Could you output exactly the lines running from the one containing "PRA SQUARE TOE" to the final line of the listing below, leaving out pictures?

## Source material

------------------------------------

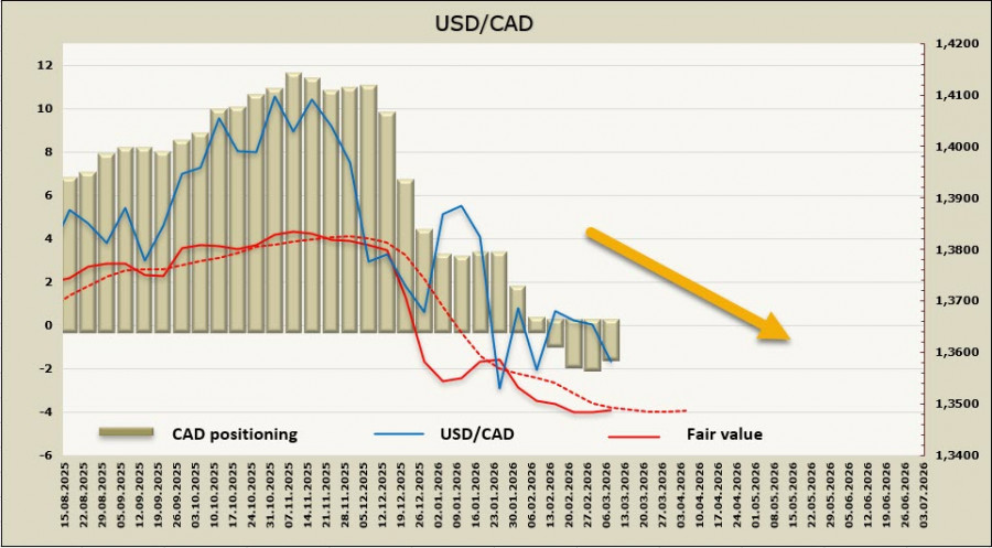 Исходим из того, что пока экономика Канады не настолько восстановилась, чтобы ожидать укрепления CAD, поскольку инфляция стабильна на уровнях чуть выше 2%, и не требует активного вмешательства Банка Канады. В то же время нарастают признаки замедления экономики США, что явно отражают последние отчеты по рынку труда, это бычий фактор для луни, а также растет угроза для глобального энергетического рынка, что еще более бычий фактор для канадца. В совокупности это дает более бычью, чем медвежью картину для канадской валюты. Чистая длинная позиция по CAD сократилась за отчетную неделю на 474 млн, до 1,539 млрд, спекулятивное позиционирование все еще бычье, но перевес незначителен. В свою очередь, расчетная цена потеряла динамику, хотя продолжает оставаться ниже долгосрочной средней.
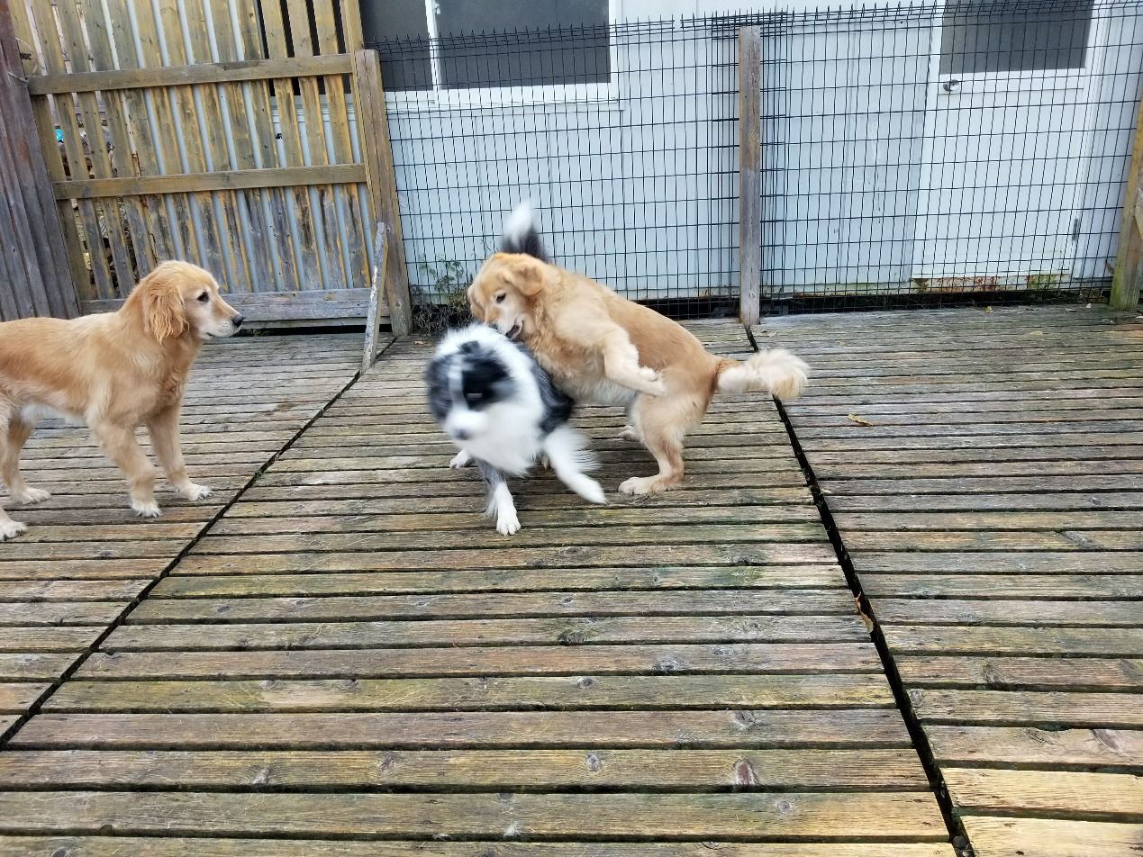 ラテくんは中型犬エリアでミックスちびちゃんに好き好きしています♪ レンくんは大型犬エリアでゴールデン小太郎くんやジョジョくんとダイナミックに遊んでいます♪
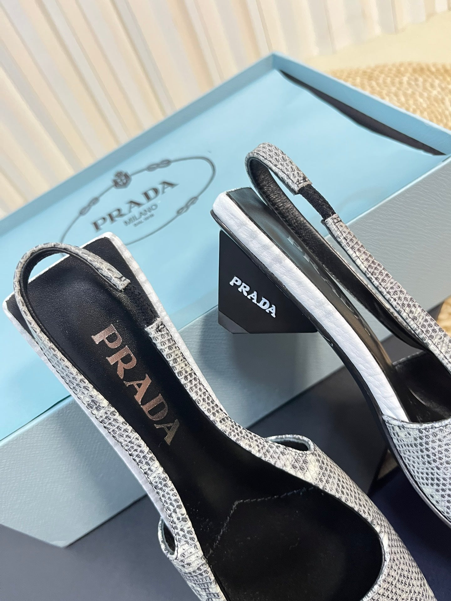PRA SQUARE TOE SLINGBACK PUMPS SNAKESKIN MOTIF SATIN
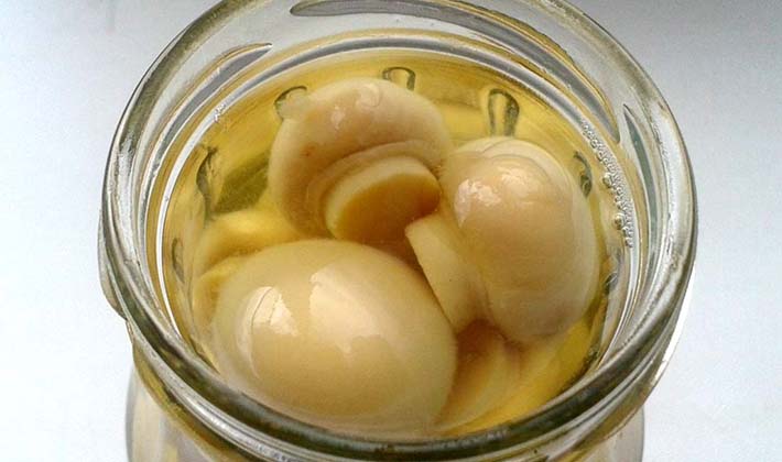 - Dans chaque bocal, versez un cinquième du volume d’eau bouillie avec un peu de vinaigre (3 cuillerées à thé de 5% de vinaigre pour 100 g d’eau), remplissez de champignons et stérilisez.

------------------------------------

## Solution for this problem
PRA SQUARE TOE SLINGBACK PUMPS SNAKESKIN MOTIF SATIN
 - Dans chaque bocal, versez un cinquième du volume d’eau bouillie avec un peu de vinaigre (3 cuillerées à thé de 5% de vinaigre pour 100 g d’eau), remplissez de champignons et stérilisez.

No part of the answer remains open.